After some experimentation I discovered a technique to do this. There is some loss of accuracy as you decrease the size of the input image which can’t be avoided. For example purposes I’ve included variations of my model at 96x96, 88x88, and 80x80. As you can see the drop from 96x96 to 88x88 was more significant than the drop from 88x88 to 80x80. Image shrinking is a fairly quick process even on my home hardware and required a lot less time.
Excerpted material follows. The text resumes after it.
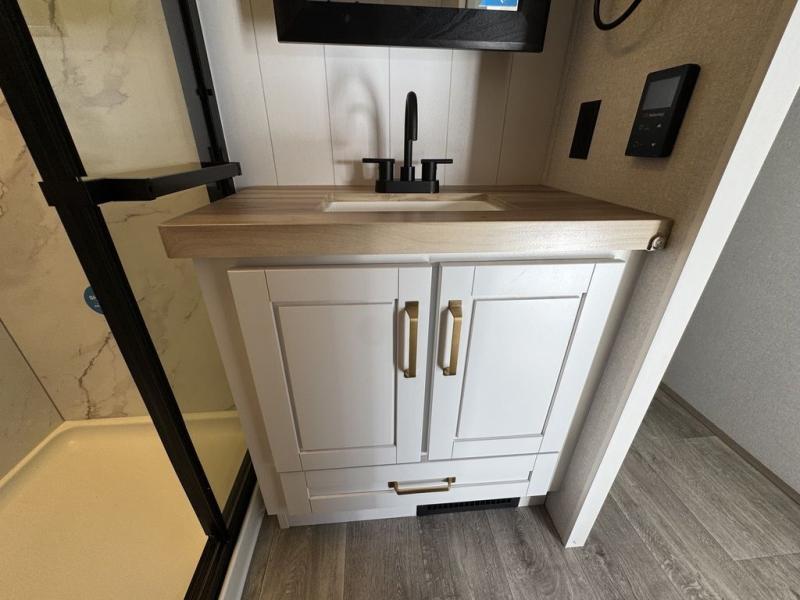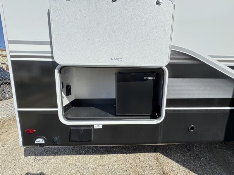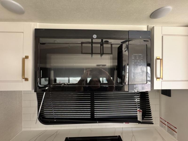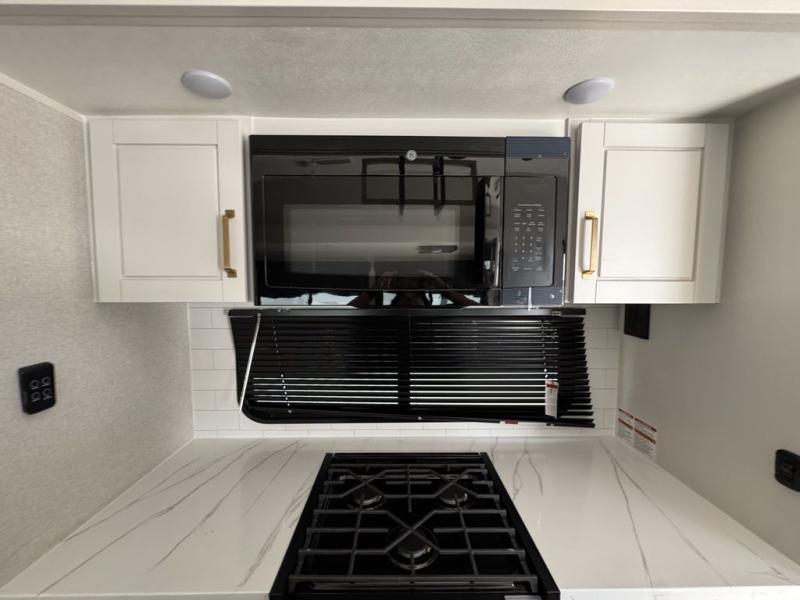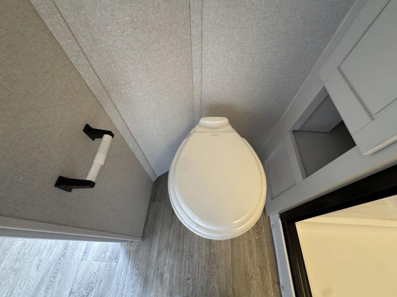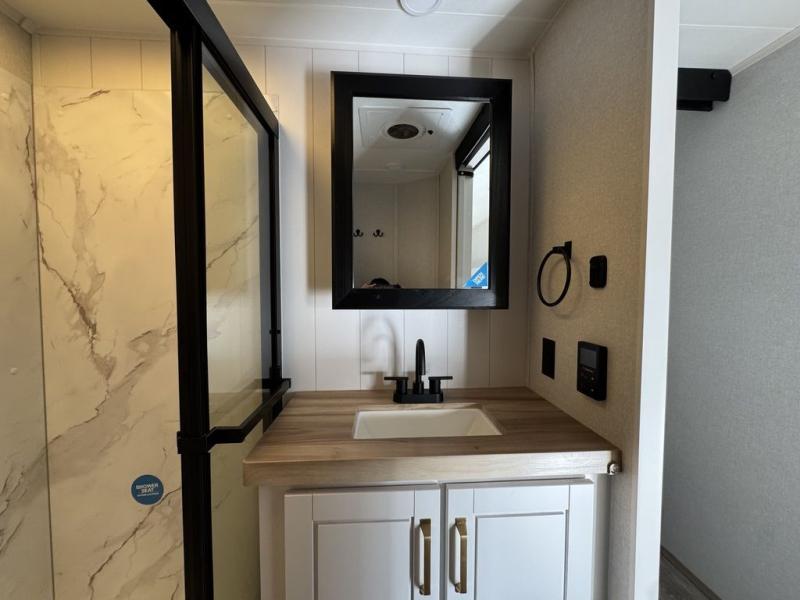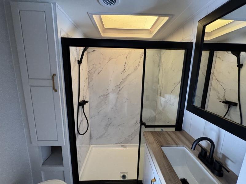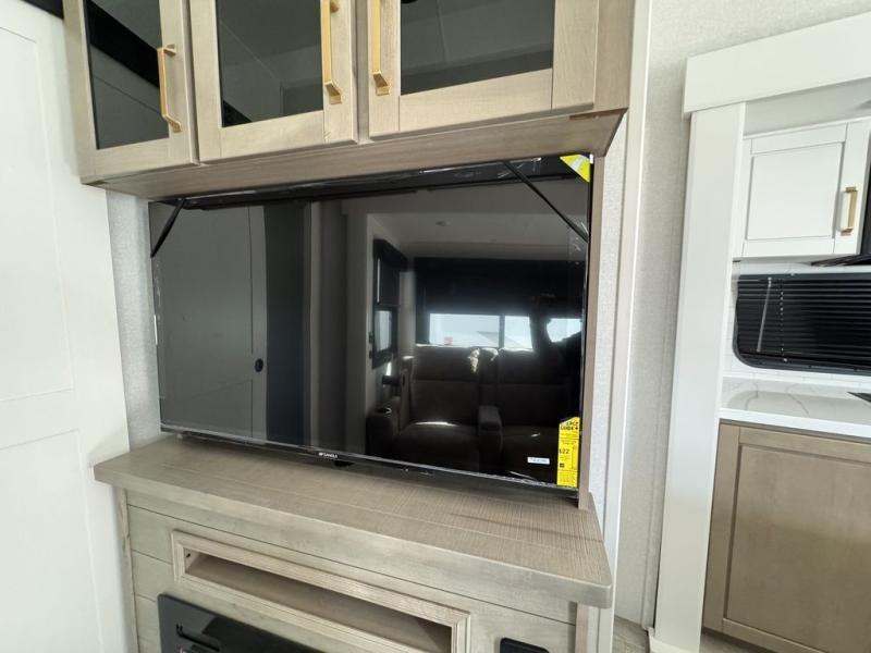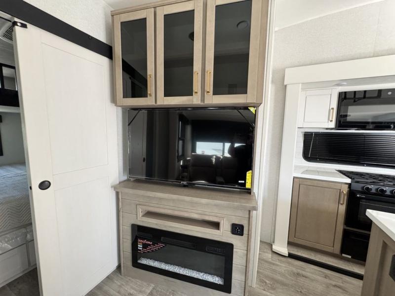 This fifth wheel is decked out in features you will love! The dual slides in the main living area create an open floorplan, and then there is a kitchen island that will make meal prepping easier. The theater seats plus table with chairs and a bench have a great view of the entertainment center and fireplace, and there is a ceiling fan here to keep the air moving. And did we mention there is an outside kitchen, complete with an outdoor refrigerator? This model also features a front private bedroom with a king bed slide out, a chest, and a front closet with convenient washer and dryer prep. There is also a rear private bunkhouse that has a 54" x 74" upper loft bed above a 66" x 80" Olympic bed with wardrobe storage drawers, as well as its very own half bathroom!

You can also shrink the input size at any time in the training process.

Post dense layer decimation input size compression:

96x96:

104/104 [==============================] - 9s 82ms/step - loss: 0.7380 - accuracy: 0.8505
    Test Loss: 0.73796
Test Accuracy: 85.05%

88x88:

104/104 [==============================] - 8s 81ms/step - loss: 0.8327 - accuracy: 0.8404
    Test Loss: 0.83271
Test Accuracy: 84.04%

80x80:

104/104 [==============================] - 8s 76ms/step - loss: 0.8743 - accuracy: 0.8267
    Test Loss: 0.87433
Test Accuracy: 82.67%

You can see it’s possible to go the opposite direction as well (I went up to 96x96 after having shrunk down to 80x80).

80x80 (relu6):

104/104 [==============================] - 9s 90ms/step - loss: 0.8034 - accuracy: 0.8144
    Test Loss: 0.80342
Test Accuracy: 81.44%

96x96 (relu6):

416/416 [==============================] - 17s 41ms/step - loss: 0.6836 - accuracy: 0.8350
    Test Loss: 0.68357
Test Accuracy: 83.50%

Quantization

From my limited experience searching most articles I found about quantization were not discussing int8 quantization. There are specific challenges that arise from int8 quantization as it requires a representative dataset to be crafted and certain activations can cause issues.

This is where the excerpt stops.